*** Block opens ***
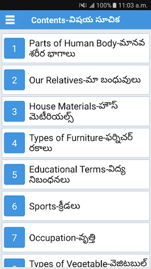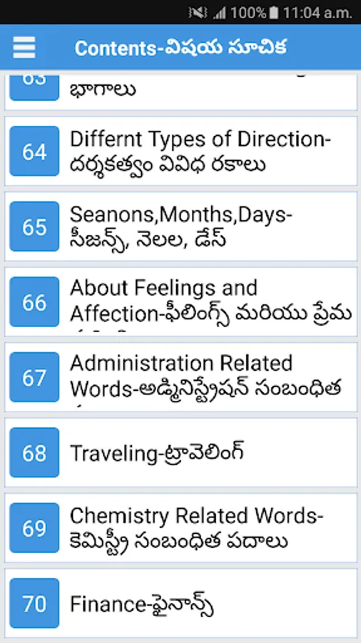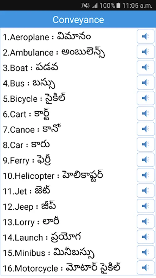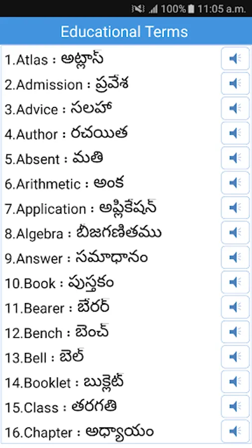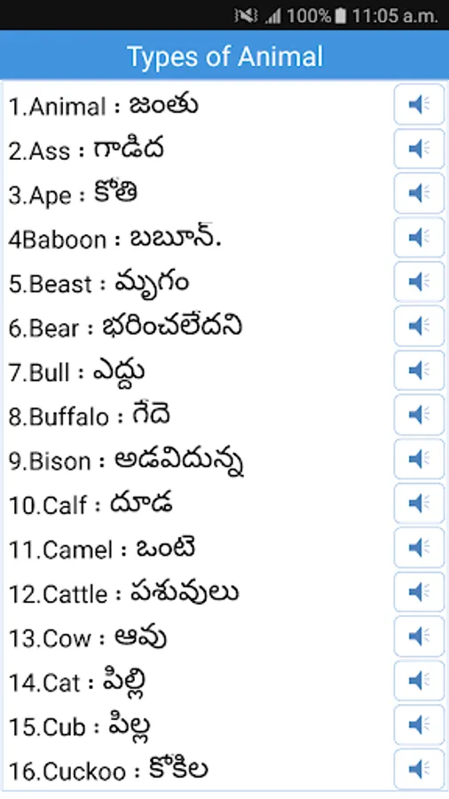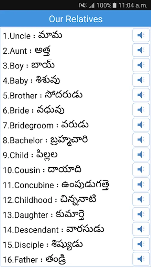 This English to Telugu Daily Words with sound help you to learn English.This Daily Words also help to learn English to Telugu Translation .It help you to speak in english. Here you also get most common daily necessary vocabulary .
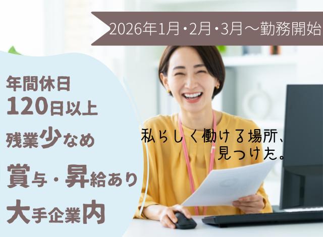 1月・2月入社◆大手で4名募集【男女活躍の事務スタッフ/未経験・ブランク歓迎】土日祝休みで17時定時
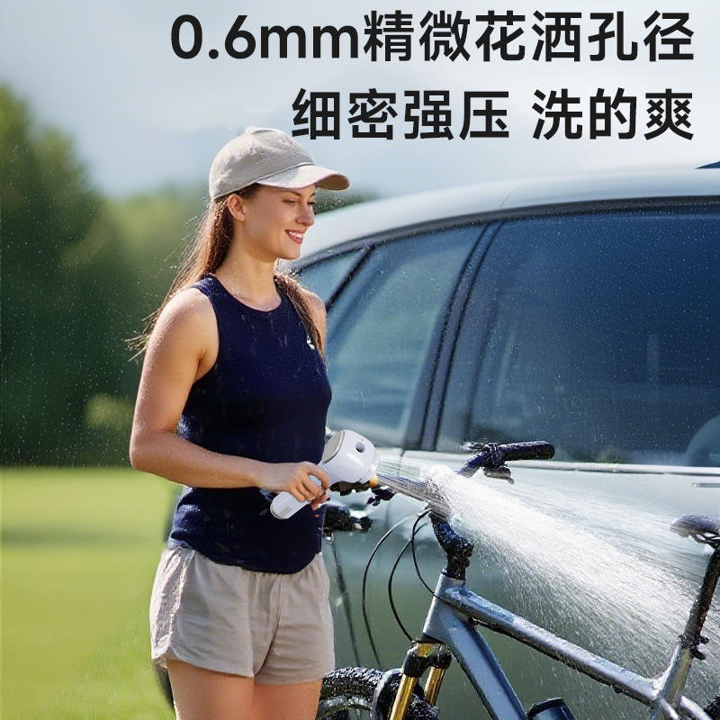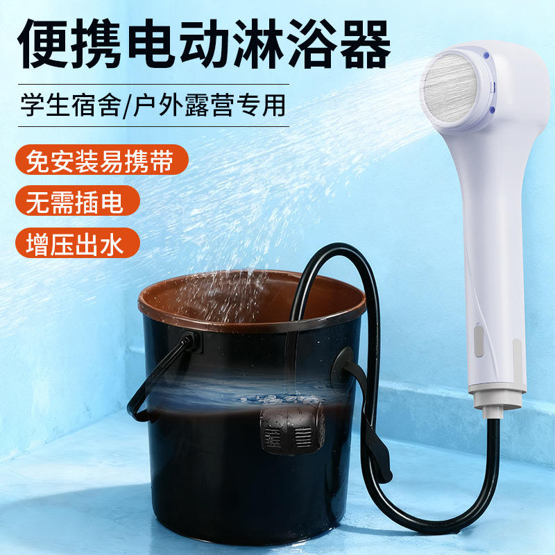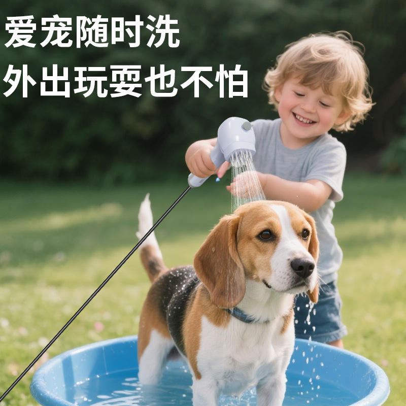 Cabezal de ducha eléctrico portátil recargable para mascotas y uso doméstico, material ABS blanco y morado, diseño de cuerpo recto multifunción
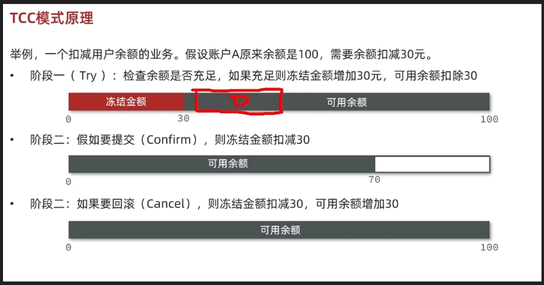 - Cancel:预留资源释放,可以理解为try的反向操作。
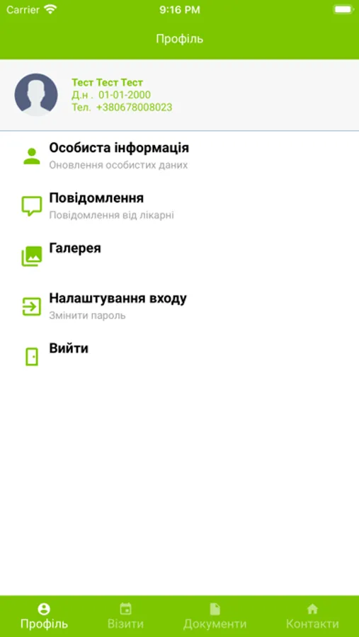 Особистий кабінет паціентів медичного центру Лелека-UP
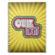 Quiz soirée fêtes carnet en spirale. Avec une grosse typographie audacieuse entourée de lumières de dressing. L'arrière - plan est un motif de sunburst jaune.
*** Block closes ***
## WHAT THE EXERCISE ASKS
Could you write out exactly the lines running from the one with "- Cancel:预留资源释放,可以理解为try的反向操作。" through the last line of the data above, both ends kept, and omit any picture?

## RESPONSE
 - Cancel:预留资源释放,可以理解为try的反向操作。
 Особистий кабінет паціентів медичного центру Лелека-UP
 Quiz soirée fêtes carnet en spirale. Avec une grosse typographie audacieuse entourée de lumières de dressing. L'arrière - plan est un motif de sunburst jaune.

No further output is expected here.